A better option (if running the containers on the same host), is to simply link the containers together with the link alias called DOCKREG. The init script will parse the link information and connect to the docker registry.

docker run -d -p 443:443 -e REG_SEARCH=enabled --link docker-registry:DOCKREG dockproxy


Troubleshooting

Authentication Errors

Can't get ldap auth working right? Theres a utility to help with that.

Libpam-ldap has a handy debugging mode (nslcd -d) for working through these sort of things. Just do the following.

  1. Launch the container: docker run -it -p 443:443 --link docker-registry:DOCKREG dockproxy /bin/bash
  2. start nginx service nginx start
  3. launch nslcd -d

Then attempt to login to the proxy via a browser and watch the output from nslcd.

Proxy Errors

Did you use a DNS name instead of an IP? If you used a DNS name and it's changed IPs you're gonna have a bad time...

By default nginx does not attempt to re-resolve an address. For this it requires a resolver. Please see the nginx docs for more information, and adjust the config as needed.


Advanced Configuration and Tuning

Nginx-lua

Dockproxy passes the environment variables to Nginx via the Nginx Lua Module. The Lua module is quite powerful and adds some great flexibility, and to be honest there is significantly more there than I want to cover --so I'll just include a bit on what is used in dockproxy: Passing Environment variables.
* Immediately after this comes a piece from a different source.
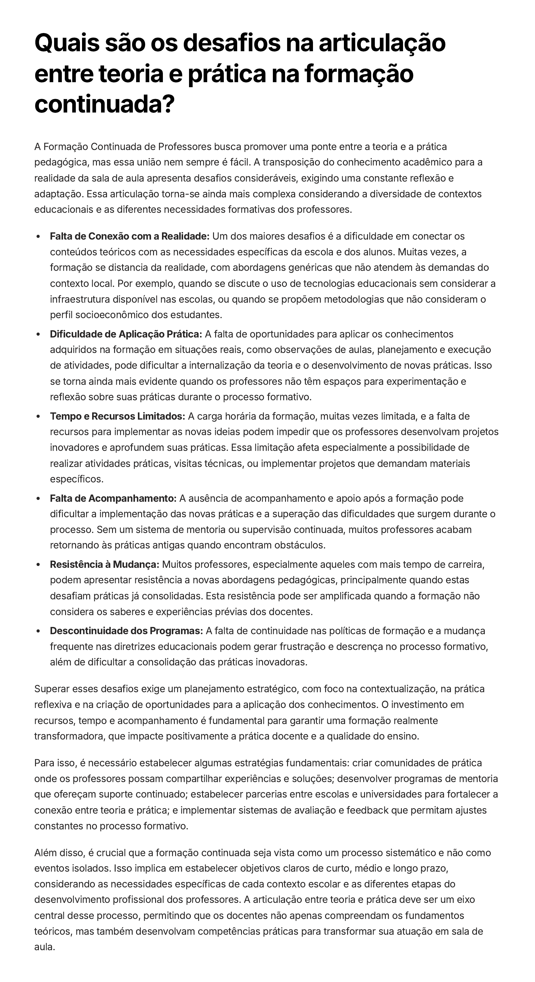 Quais são os desafios na articulação entre teoria e prática na formação continuada? A Formação Continuada de Professores busca promover uma ponte entre a teoria e a prática pedagógica, mas essa união nem sempre é fácil. A transposição do conhecimento acadêmico para a realidade da sala de aula apresenta desafios consideráveis, exigindo uma constante reflexão e adaptação. Essa articulação torna-se ainda mais complexa considerando a diversidade de contextos educacionais e as diferentes necessidades formativas dos professores. Falta de Conexão com a Realidade: Um dos maiores desafios é a dificuldade em conectar os conteúdos teóricos com as necessidades específicas da escola e dos alunos. Muitas vezes, a formação se distancia da realidade, com abordagens genéricas que não atendem às demandas do contexto local. Por exemplo, quando se discute o uso de tecnologias educacionais sem considerar a infraestrutura disponível nas escolas, ou quando se propõem metodologias que não consideram o perfil socioeconômico dos estudantes. Dificuldade de Aplicação Prática: A falta de oportunidades para aplicar os conhecimentos adquiridos na formação em situações reais, como observações de aulas, planejamento e execução de atividades, pode dificultar a internalização da teoria e o desenvolvimento de novas práticas. Isso se torna ainda mais evidente quando os professores não têm espaços para experimentação e reflexão sobre suas práticas durante o processo formativo. Tempo e Recursos Limitados: A carga horária da formação, muitas vezes limitada, e a falta de recursos para implementar as novas ideias podem impedir que os professores desenvolvam projetos inovadores e aprofundem suas práticas. Essa limitação afeta especialmente a possibilidade de realizar atividades práticas, visitas técnicas, ou implementar projetos que demandam materiais específicos. Falta de Acompanhamento: A ausência de acompanhamento e apoio após a formação pode dificultar a implementação das novas práticas e a superação das dificuldades que surgem durante o processo. Sem um sistema de mentoria ou supervisão continuada, muitos professores acabam retornando às práticas antigas quando encontram obstáculos. Resistência à Mudança: Muitos professores, especialmente aqueles com mais tempo de carreira, podem apresentar resistência a novas abordagens pedagógicas, principalmente quando estas desafiam práticas já consolidadas. Esta resistência pode ser amplificada quando a formação não considera os saberes e experiências prévias dos docentes. Descontinuidade dos Programas: A falta de continuidade nas políticas de formação e a mudança frequente nas diretrizes educacionais podem gerar frustração e descrença no processo formativo, além de dificultar a consolidação das práticas inovadoras. Superar esses desafios exige um planejamento estratégico, com foco na contextualização, na prática reflexiva e na criação de oportunidades para a aplicação dos conhecimentos. O investimento em recursos, tempo e acompanhamento é fundamental para garantir uma formação realmente transformadora, que impacte positivamente a prática docente e a qualidade do ensino. Para isso, é necessário estabelecer algumas estratégias fundamentais: criar comunidades de prática onde os professores possam compartilhar experiências e soluções; desenvolver programas de mentoria que ofereçam suporte continuado; estabelecer parcerias entre escolas e universidades para fortalecer a conexão entre teoria e prática; e implementar sistemas de avaliação e feedback que permitam ajustes constantes no processo formativo. Além disso, é crucial que a formação continuada seja vista como um processo sistemático e não como eventos isolados. Isso implica em estabelecer objetivos claros de curto, médio e longo prazo, considerando as necessidades específicas de cada contexto escolar e as diferentes etapas do desenvolvimento profissional dos professores. A articulação entre teoria e prática deve ser um eixo central desse processo, permitindo que os docentes não apenas compreendam os fundamentos teóricos, mas também desenvolvam competências práticas para transformar sua atuação em sala de aula.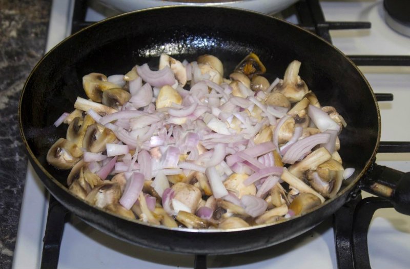 W dużym rondlu rozgrzej masło. Dodaj na patelnię posiekaną cebulę i grzyby. Gotuj do momentu uzyskania złotego koloru.

If there are other environment variables that you wish to pass, the main thing to remember is that they must first be declared in nginx/nginx.conf in the form of ENV [environment variable name]; e.g.:

ENV REG_ADDR;
ENV REG_PRT;

You can then later set a variable equal to their value via the set_by_lua directive. Please note that set_by_lua can ONLY be used in the server, server if, location, or location if context. These can then be used later in the form of $variable_name.

Here is an example:

server {
    set_by_lua $reg_addr 'return os.getenv("REG_ADDR")';
    set_by_lua $reg_prt 'return os.getenv("REG_PRT")';

    listen 80 default_server;

    location / {
    proxy_pass http://$reg_addr:$reg_prt;
    }
 }

After you do all that, the supervisord config at supervisor/dockproxy.conf will need to be modified. Add any extra envirment variables to the environment config using the format of %(ENV_[env var name])s. Here is an example from the config:

environment=REG_ADDR=%(ENV_REG_ADDR)s

For further supervisord config information, please see the docs here: http://supervisord.org


Worker and Connection Tuning

To be honest, I haven't taken the time to sit down with wireshark and watch how many connection a docker image pull can initiate, but in general you want to have 1 worker_process per core. Normally, it's about 2 worker connections per user at point in time. Adjust as needed for your environment. If anyone has any better info, please pass it along.